Special Issue Information

Dear Colleagues,

New challenges and research needs have emerged in hydrogeology, driven largely by the focus on identification and prediction of the impact of human activities and climate change on groundwater systems, and the thriving of deep engineering projects. Key scientific issues in such research include processes and fluxes at hydrologic interface, characterization of hydrogeological parameters, driving force patterns of groundwater flow regimes, and water-rock interactions.

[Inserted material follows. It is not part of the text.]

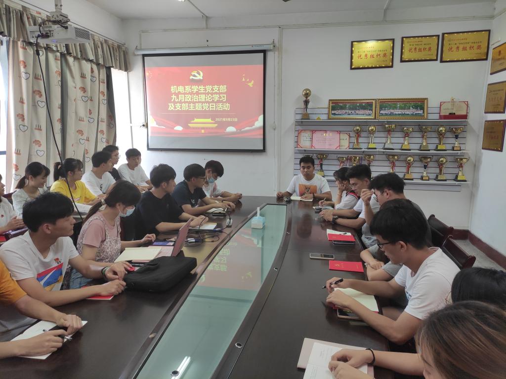 本网讯(员工记者 谢丽娇)9月23日下午,在机电系会议室,我系员工党支部开展9月份政治学习和“支部主题党日”活动。会议由谢丽娇同志主持,员工党支部书记成观雄出席,支部全体党员参加。

Hydrochemistry and environmental isotopes have excellent strength in addressing these issues, due to their unique advantages in tracing elemental origin, delineating the flow/transport of water, solutes and pollutants, revealing the kinetics of water-rock interactions and degradation of pollutants, inversion of heterogeneity for aquifer media, hydrologic and geochemical model calibration, and quantifying geochemical and water flow fluxes at key interfaces, such as unsaturated/saturated zone, hyporheic zone, water-rock-gas interfaces, etc.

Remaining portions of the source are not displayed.